Recorded information

○ ○ ○ ○ ○

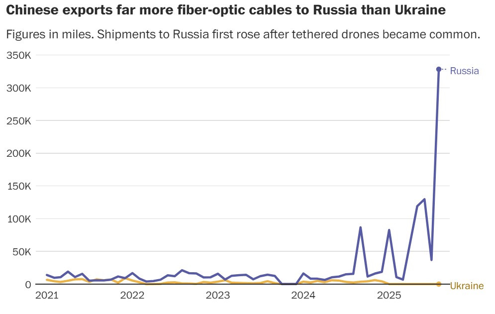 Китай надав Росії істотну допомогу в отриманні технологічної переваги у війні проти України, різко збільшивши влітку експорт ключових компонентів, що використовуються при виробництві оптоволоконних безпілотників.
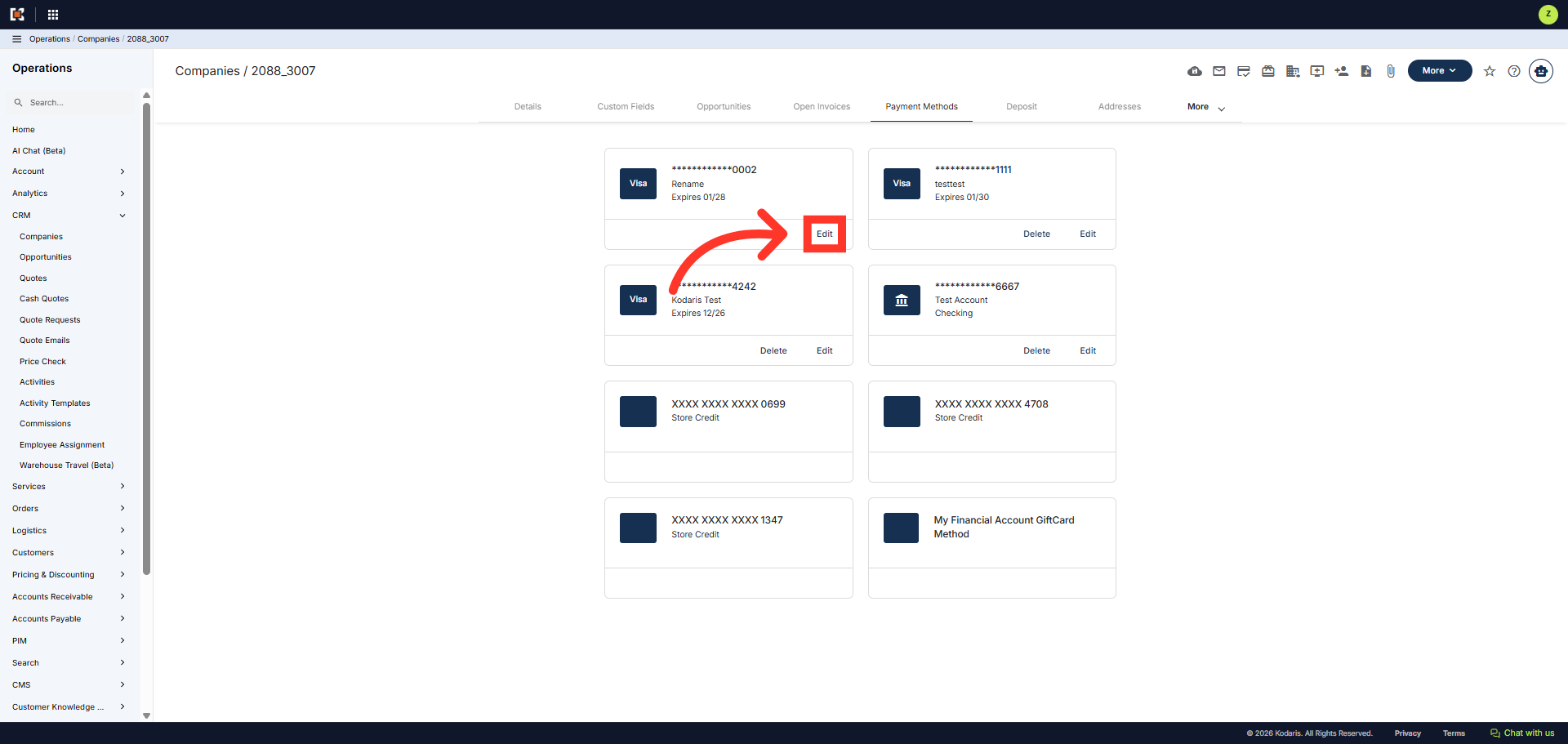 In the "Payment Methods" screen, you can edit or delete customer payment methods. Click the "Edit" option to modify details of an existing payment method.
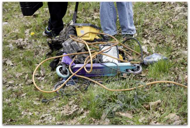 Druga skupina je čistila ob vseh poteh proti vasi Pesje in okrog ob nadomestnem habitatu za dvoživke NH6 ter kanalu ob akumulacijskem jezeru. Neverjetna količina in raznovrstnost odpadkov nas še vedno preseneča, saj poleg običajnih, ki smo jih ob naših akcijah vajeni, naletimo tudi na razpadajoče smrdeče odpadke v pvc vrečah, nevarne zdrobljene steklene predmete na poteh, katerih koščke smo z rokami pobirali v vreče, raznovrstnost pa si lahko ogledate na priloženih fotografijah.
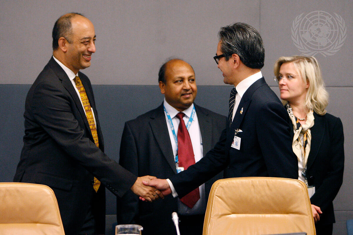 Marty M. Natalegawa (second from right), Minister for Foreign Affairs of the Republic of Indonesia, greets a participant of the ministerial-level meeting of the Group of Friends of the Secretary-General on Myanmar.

○ ○ ○ ○ ○

Give the lines above again exactly, from the one containing "existing payment method." to the one containing "Druga skupina je", both included, but leave out the pictures.

Task answer
 In the "Payment Methods" screen, you can edit or delete customer payment methods. Click the "Edit" option to modify details of an existing payment method.
 Druga skupina je čistila ob vseh poteh proti vasi Pesje in okrog ob nadomestnem habitatu za dvoživke NH6 ter kanalu ob akumulacijskem jezeru. Neverjetna količina in raznovrstnost odpadkov nas še vedno preseneča, saj poleg običajnih, ki smo jih ob naših akcijah vajeni, naletimo tudi na razpadajoče smrdeče odpadke v pvc vrečah, nevarne zdrobljene steklene predmete na poteh, katerih koščke smo z rokami pobirali v vreče, raznovrstnost pa si lahko ogledate na priloženih fotografijah.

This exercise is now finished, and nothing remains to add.